Supplied entries below:

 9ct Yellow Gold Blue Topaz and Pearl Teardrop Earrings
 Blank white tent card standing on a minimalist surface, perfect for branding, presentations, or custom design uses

End of Supplied entries.
Supplied entries below:

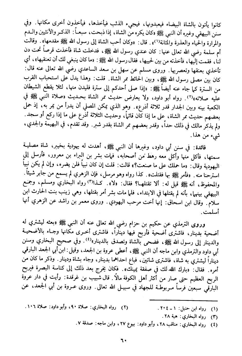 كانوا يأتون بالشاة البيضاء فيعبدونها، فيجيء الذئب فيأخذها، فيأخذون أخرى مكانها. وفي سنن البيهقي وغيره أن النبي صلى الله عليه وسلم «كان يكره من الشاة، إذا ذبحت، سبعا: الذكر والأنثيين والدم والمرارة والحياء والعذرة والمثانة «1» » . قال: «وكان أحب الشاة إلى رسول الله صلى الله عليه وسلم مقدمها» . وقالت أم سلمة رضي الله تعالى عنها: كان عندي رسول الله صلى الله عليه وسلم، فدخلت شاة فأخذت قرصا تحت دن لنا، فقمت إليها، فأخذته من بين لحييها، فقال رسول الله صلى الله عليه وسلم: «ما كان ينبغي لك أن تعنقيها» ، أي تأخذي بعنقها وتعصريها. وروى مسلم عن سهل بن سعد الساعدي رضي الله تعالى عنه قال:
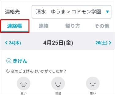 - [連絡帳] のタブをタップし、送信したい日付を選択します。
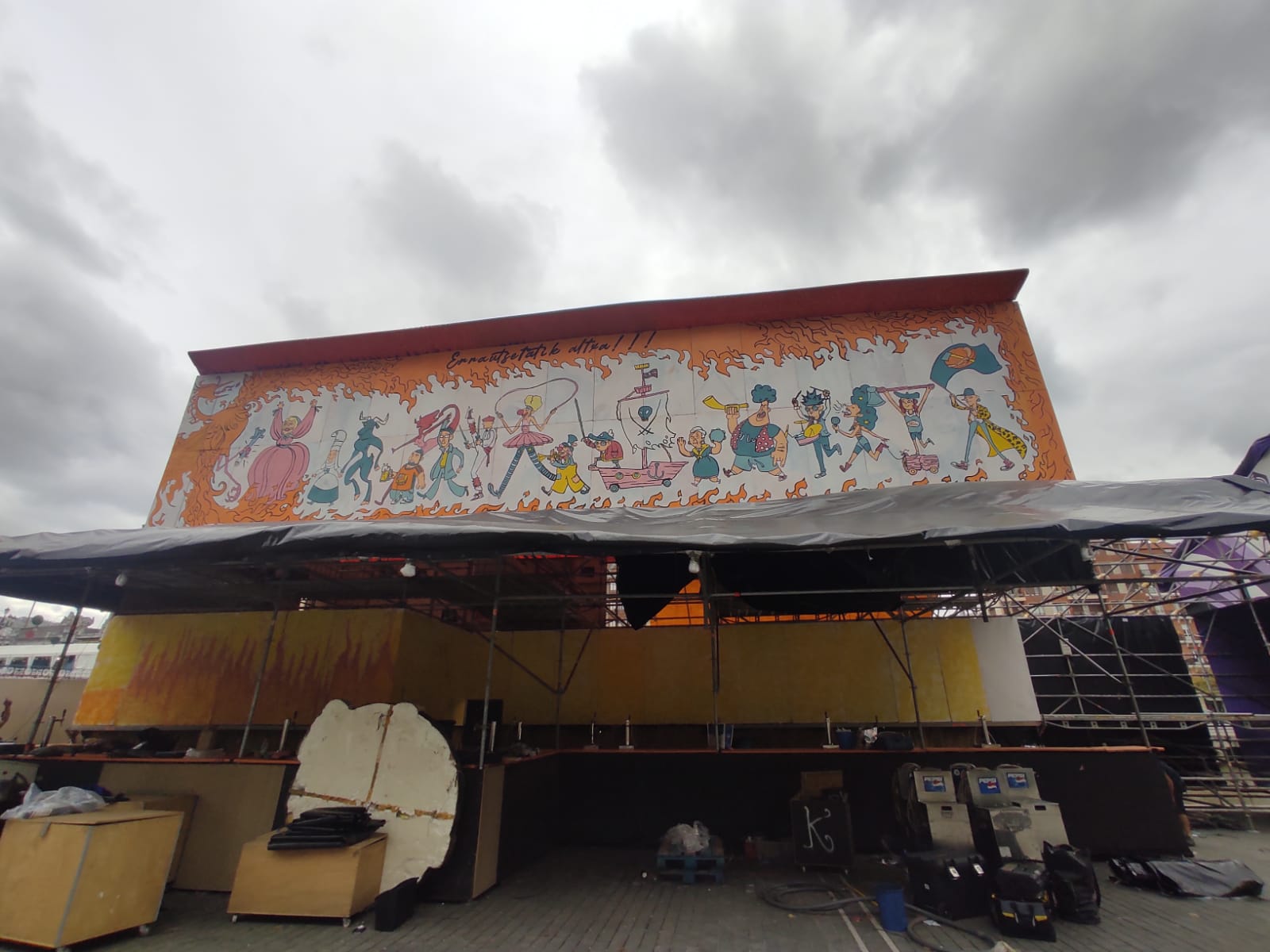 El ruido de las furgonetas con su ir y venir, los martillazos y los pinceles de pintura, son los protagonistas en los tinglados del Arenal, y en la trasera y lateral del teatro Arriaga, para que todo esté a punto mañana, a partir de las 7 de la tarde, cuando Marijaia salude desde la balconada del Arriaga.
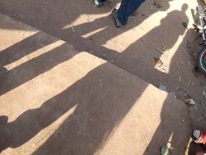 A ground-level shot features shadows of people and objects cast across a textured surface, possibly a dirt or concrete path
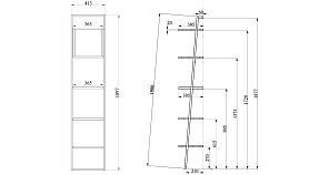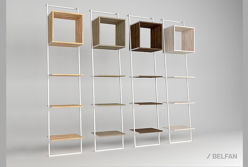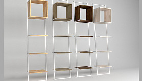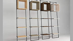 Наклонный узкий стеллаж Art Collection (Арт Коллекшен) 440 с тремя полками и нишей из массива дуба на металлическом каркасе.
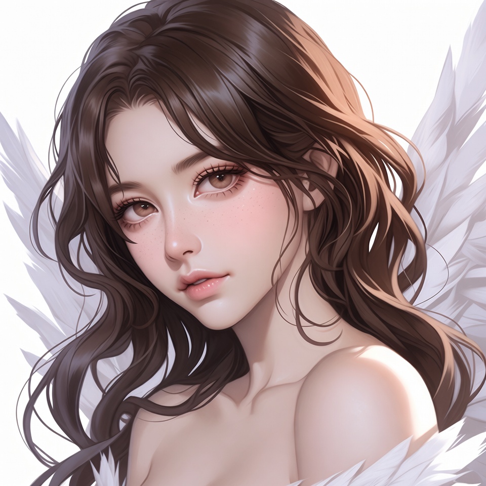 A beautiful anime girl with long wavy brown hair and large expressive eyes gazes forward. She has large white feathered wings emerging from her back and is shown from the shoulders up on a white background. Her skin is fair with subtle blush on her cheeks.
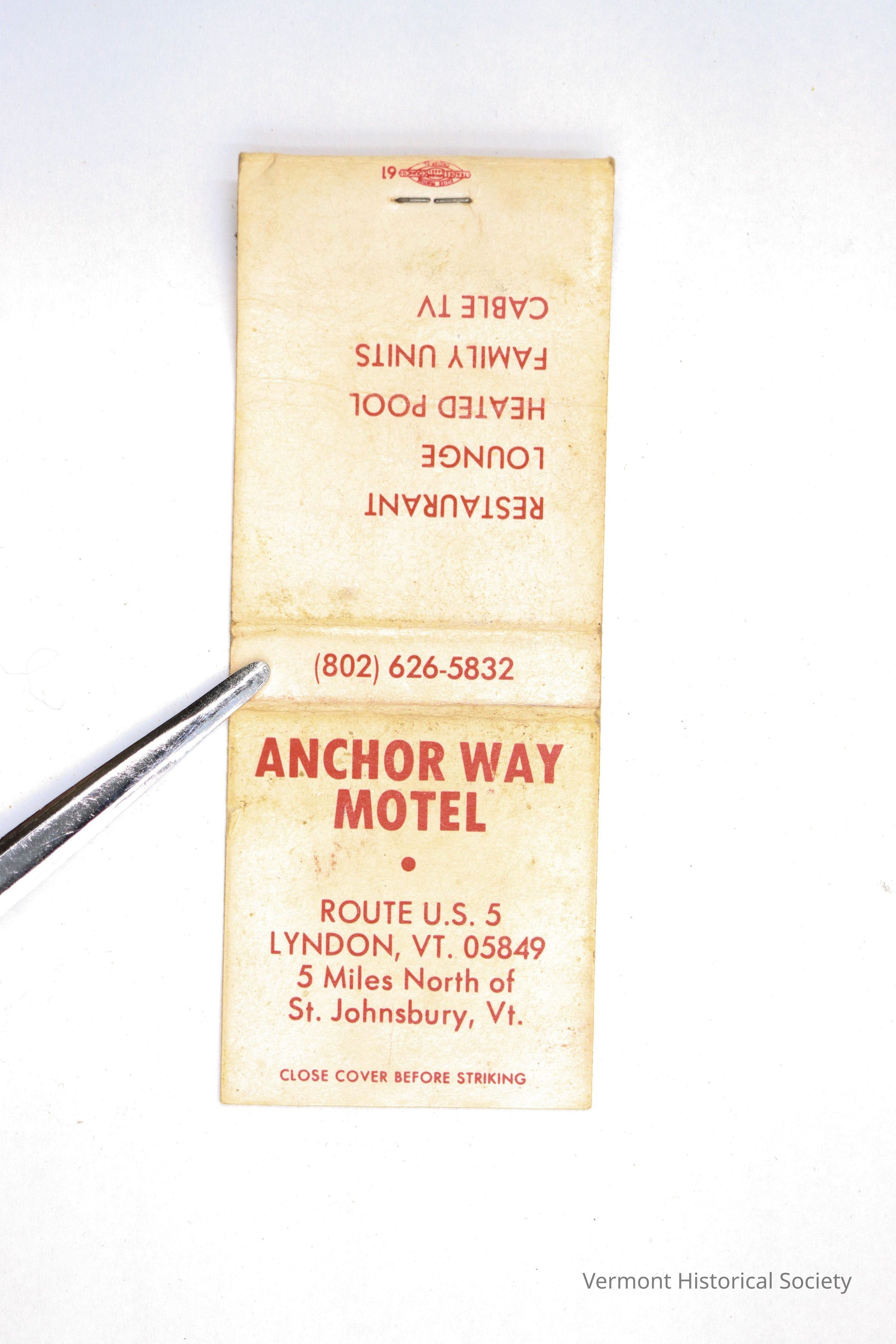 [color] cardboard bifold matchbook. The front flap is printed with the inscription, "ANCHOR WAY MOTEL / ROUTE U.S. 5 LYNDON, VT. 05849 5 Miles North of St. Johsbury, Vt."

End of Supplied entries.
Supplied entries below:

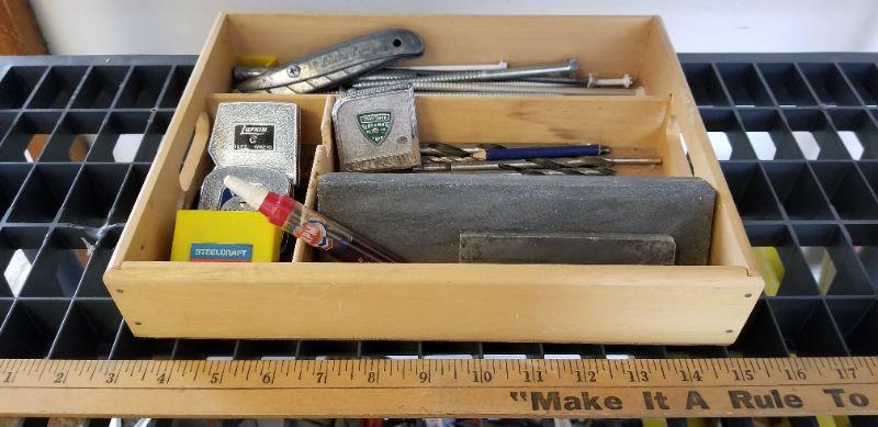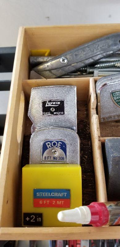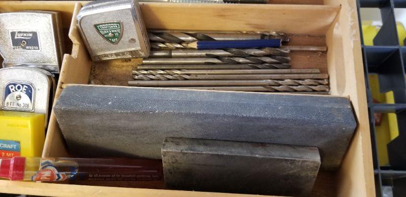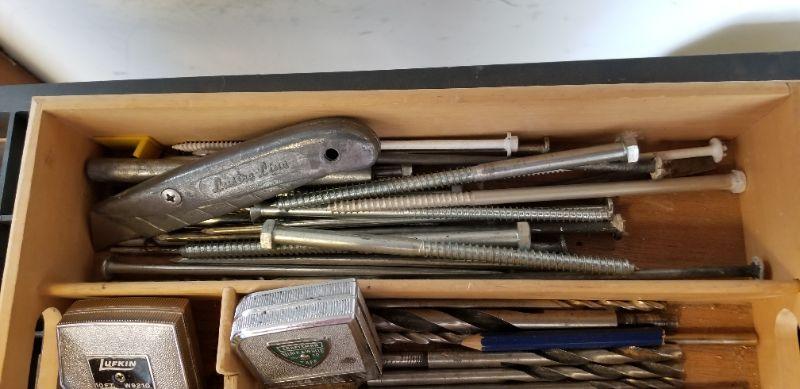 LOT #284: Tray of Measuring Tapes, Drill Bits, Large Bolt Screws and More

End of Supplied entries.

*Exercise goal:* The entries above hold a line with "9ct Yellow Gold" and a later line with "Blank white tent". Write out exactly those lines and all lines between, nothing more.

*Solution:*
 9ct Yellow Gold Blue Topaz and Pearl Teardrop Earrings
 Blank white tent card standing on a minimalist surface, perfect for branding, presentations, or custom design uses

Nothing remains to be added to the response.